Raw data:
★ ★ ★ ★ ★ ★ ★
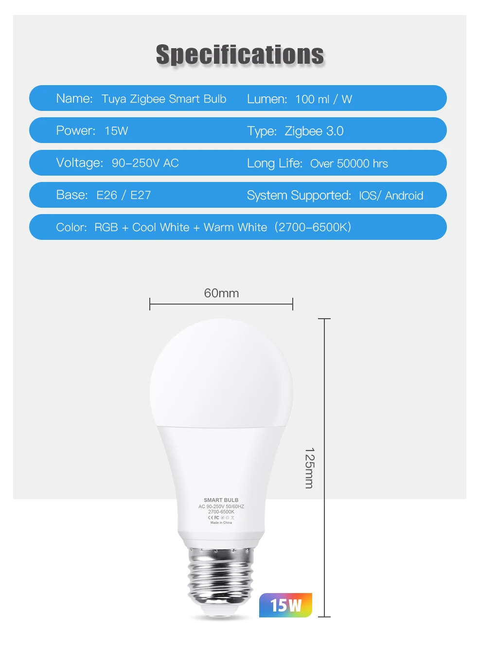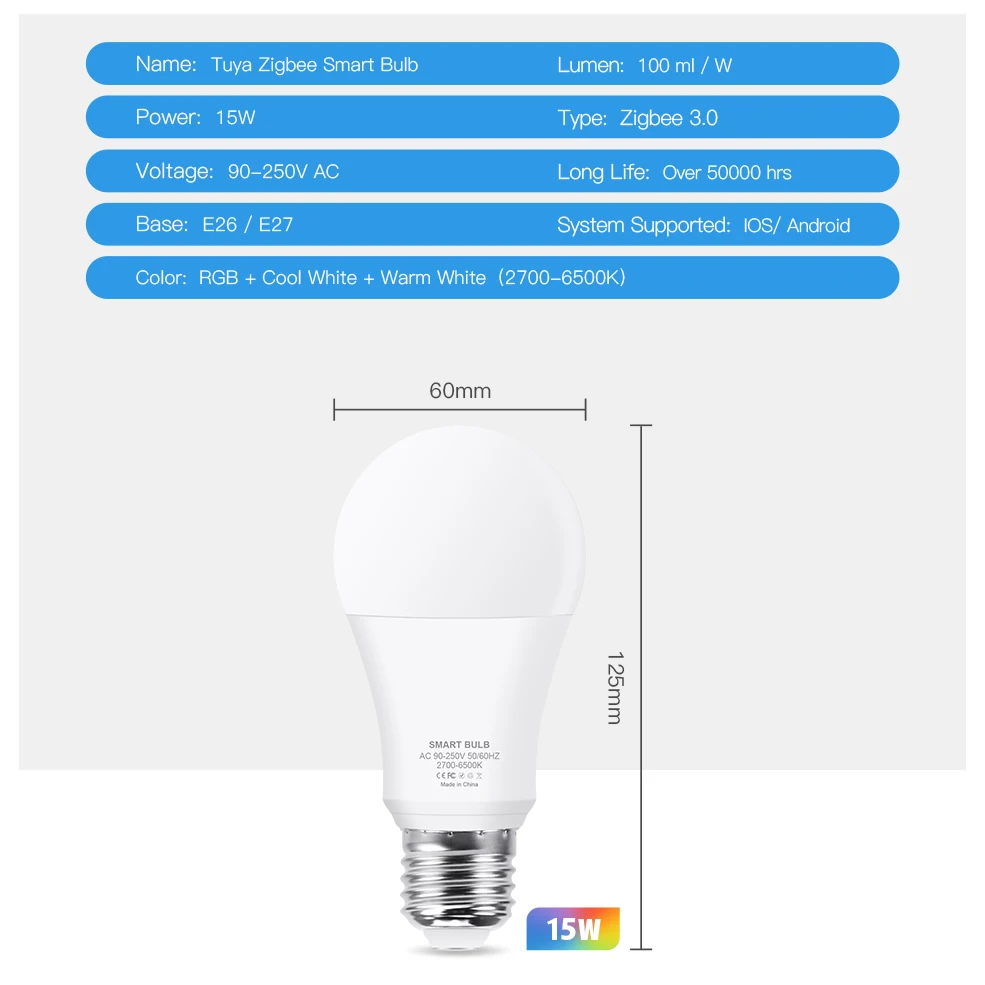 Умная Светодиодная лампа Zigbee 3,0 с цоколем Е27, 220 В
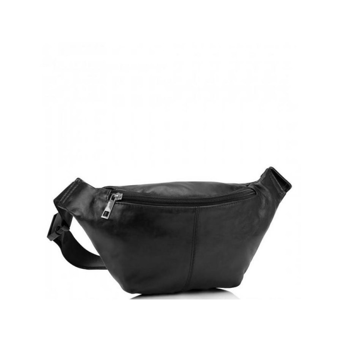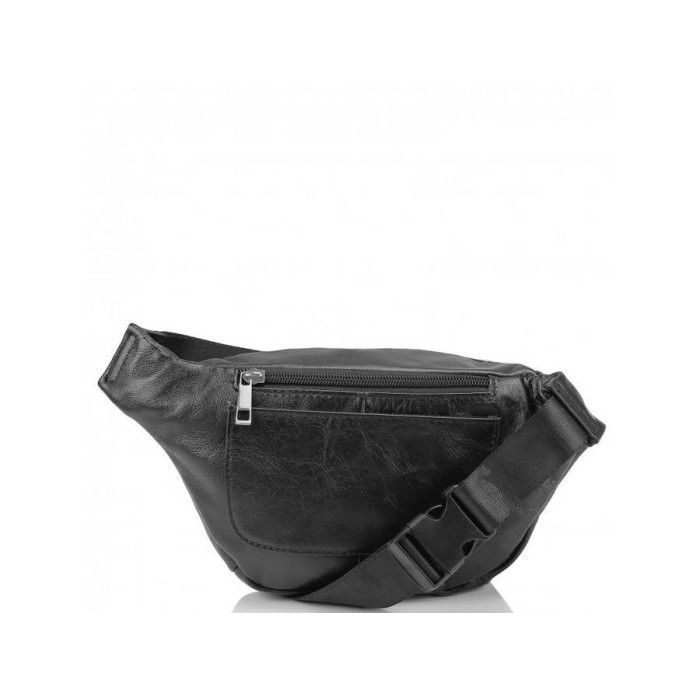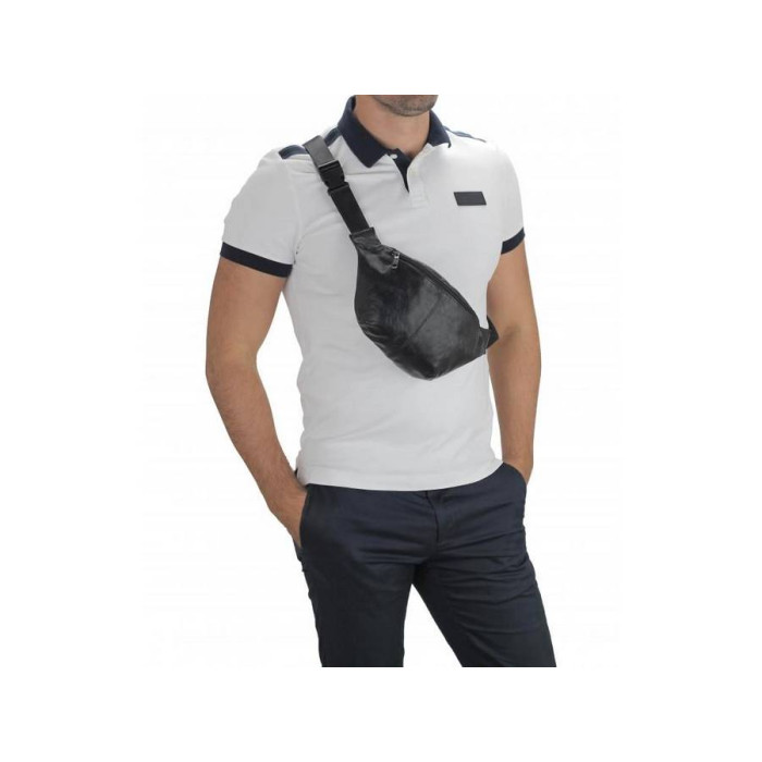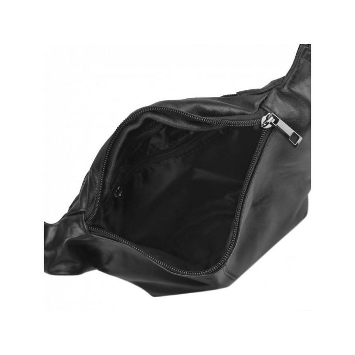 Шкіряна сумка бананка зроблена з натуральної шкіри в чорному кольорі. Має невеликий розмір, але при цьому дозволяє взяти з собою все найнеобхідніше: телефон, ключі, навушники, гроші. Зручно, що бананку можна носити не тільки на поясі, а й через плече. Ремінець регулюється в обсязі і застібається на пластиковий фастекс. Сумка чоловіча на пояс складається з одного основного відділення. На тильній стороні кишеня відкритого типу і кишеня на блискавці. Усередині основного відділення є маленька кишеня на блискавці.
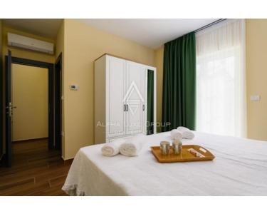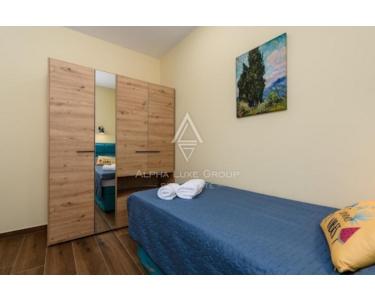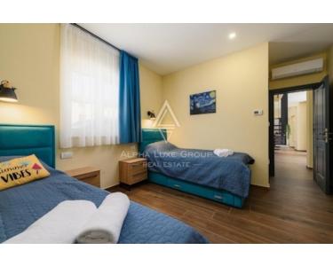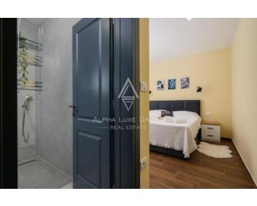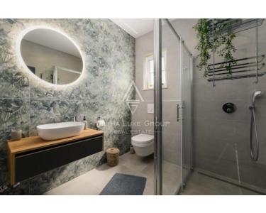 Diese geräumige Residenz befindet sich in einer ruhigen Nachbarschaft, umgeben von Familien- und Ferienhäusern. Sie zeichnet sich durch eine nahtlose Integration attraktiver Außenbereiche mit einem modernen Interieur aus, wobei jedes Zimmer akribisch gestaltet ist. Das Erdgeschoss verfügt über einen offenen Wohnbereich, der eine maßgeschneiderte Küche des deutschen Herstellers Moderano, einen Essbereich und ein Wohnzimmer umfasst, das zu einer überdachten Veranda mit einer Außenküche und zusätzlichem Essbereich führt. Auf dieser Etage befinden sich auch zwei Schlafzimmer, jedes mit eigenem Bad, ein Technikraum/Abstellraum und ein Gäste-WC. Ein separates Studioapartment mit eigenem Eingang und eine interne Eichentreppe, die ins Obergeschoss führt, wo sich ein weiteres Schlafzimmer, ein großes Bad und eine überdachte Terrasse befinden, runden das Layout ab.
★ ★ ★ ★ ★ ★ ★
Give back, exactly as written, the lines from the top of the material above to the line containing "Шкіряна сумка бананка", both included; skip every picture.

 Умная Светодиодная лампа Zigbee 3,0 с цоколем Е27, 220 В
 Шкіряна сумка бананка зроблена з натуральної шкіри в чорному кольорі. Має невеликий розмір, але при цьому дозволяє взяти з собою все найнеобхідніше: телефон, ключі, навушники, гроші. Зручно, що бананку можна носити не тільки на поясі, а й через плече. Ремінець регулюється в обсязі і застібається на пластиковий фастекс. Сумка чоловіча на пояс складається з одного основного відділення. На тильній стороні кишеня відкритого типу і кишеня на блискавці. Усередині основного відділення є маленька кишеня на блискавці.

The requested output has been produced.